- [Directions for this task]: Which lines run from the line with "外の鉄棒では、ぶら下がりや足" to the end of the entries? Write out exactly those, leaving out the pictures.

--------------------------------------------------

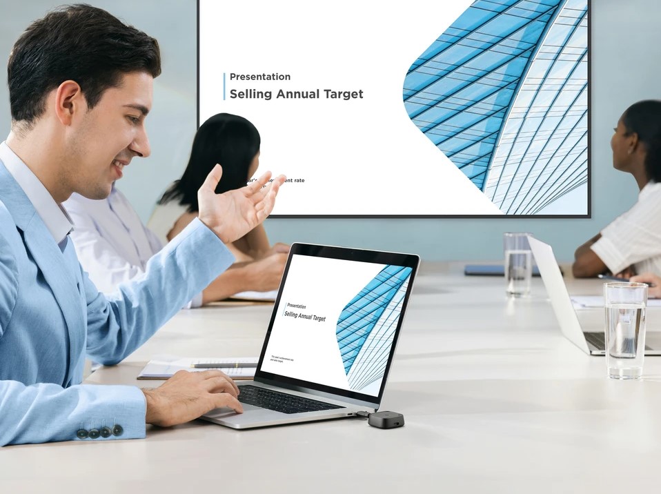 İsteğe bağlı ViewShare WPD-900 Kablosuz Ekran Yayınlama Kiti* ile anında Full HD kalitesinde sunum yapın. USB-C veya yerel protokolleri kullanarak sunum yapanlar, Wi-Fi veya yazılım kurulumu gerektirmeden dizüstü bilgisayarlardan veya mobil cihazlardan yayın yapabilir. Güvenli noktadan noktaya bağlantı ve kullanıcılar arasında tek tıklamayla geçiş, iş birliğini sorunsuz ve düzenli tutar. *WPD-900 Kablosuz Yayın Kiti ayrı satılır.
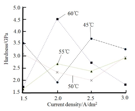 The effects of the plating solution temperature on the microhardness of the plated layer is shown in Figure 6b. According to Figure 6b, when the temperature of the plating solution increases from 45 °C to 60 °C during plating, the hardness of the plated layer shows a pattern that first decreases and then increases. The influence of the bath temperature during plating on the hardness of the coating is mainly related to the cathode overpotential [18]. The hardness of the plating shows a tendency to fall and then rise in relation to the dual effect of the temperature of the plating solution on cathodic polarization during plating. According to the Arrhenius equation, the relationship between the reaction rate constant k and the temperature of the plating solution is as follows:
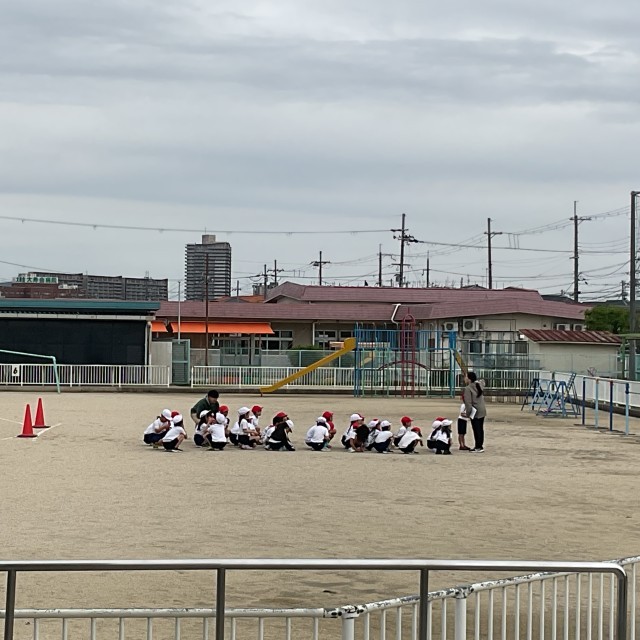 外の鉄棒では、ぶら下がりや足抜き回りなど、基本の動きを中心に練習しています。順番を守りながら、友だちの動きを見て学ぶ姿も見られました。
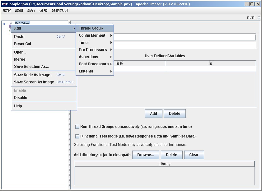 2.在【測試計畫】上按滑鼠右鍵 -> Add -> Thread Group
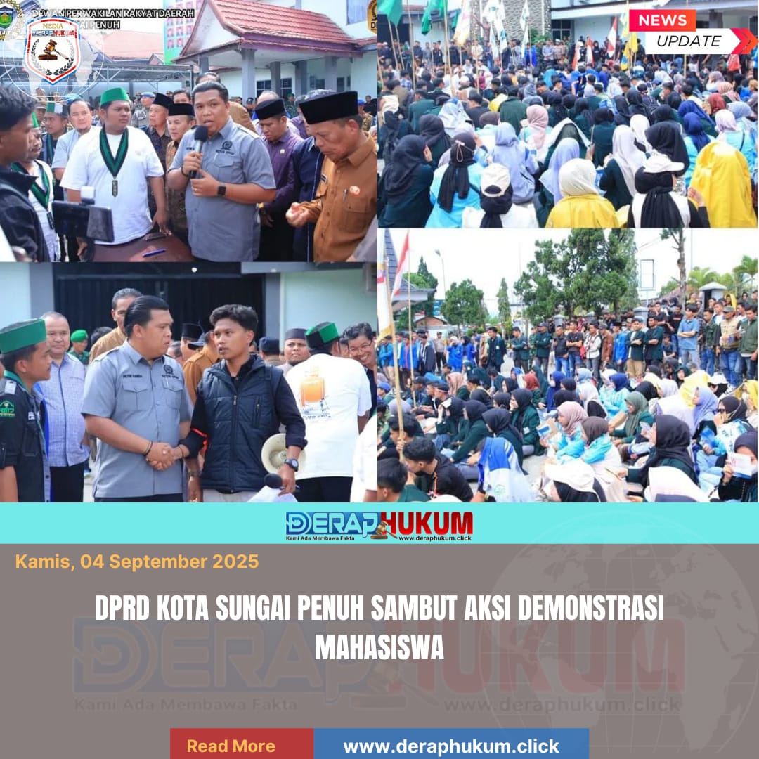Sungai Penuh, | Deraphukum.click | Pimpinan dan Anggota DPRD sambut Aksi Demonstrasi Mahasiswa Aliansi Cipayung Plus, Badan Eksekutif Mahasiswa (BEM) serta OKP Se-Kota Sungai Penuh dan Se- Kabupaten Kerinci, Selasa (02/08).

--------------------------------------------------

- [The answer]:
 外の鉄棒では、ぶら下がりや足抜き回りなど、基本の動きを中心に練習しています。順番を守りながら、友だちの動きを見て学ぶ姿も見られました。
 2.在【測試計畫】上按滑鼠右鍵 -> Add -> Thread Group
Sungai Penuh, | Deraphukum.click | Pimpinan dan Anggota DPRD sambut Aksi Demonstrasi Mahasiswa Aliansi Cipayung Plus, Badan Eksekutif Mahasiswa (BEM) serta OKP Se-Kota Sungai Penuh dan Se- Kabupaten Kerinci, Selasa (02/08).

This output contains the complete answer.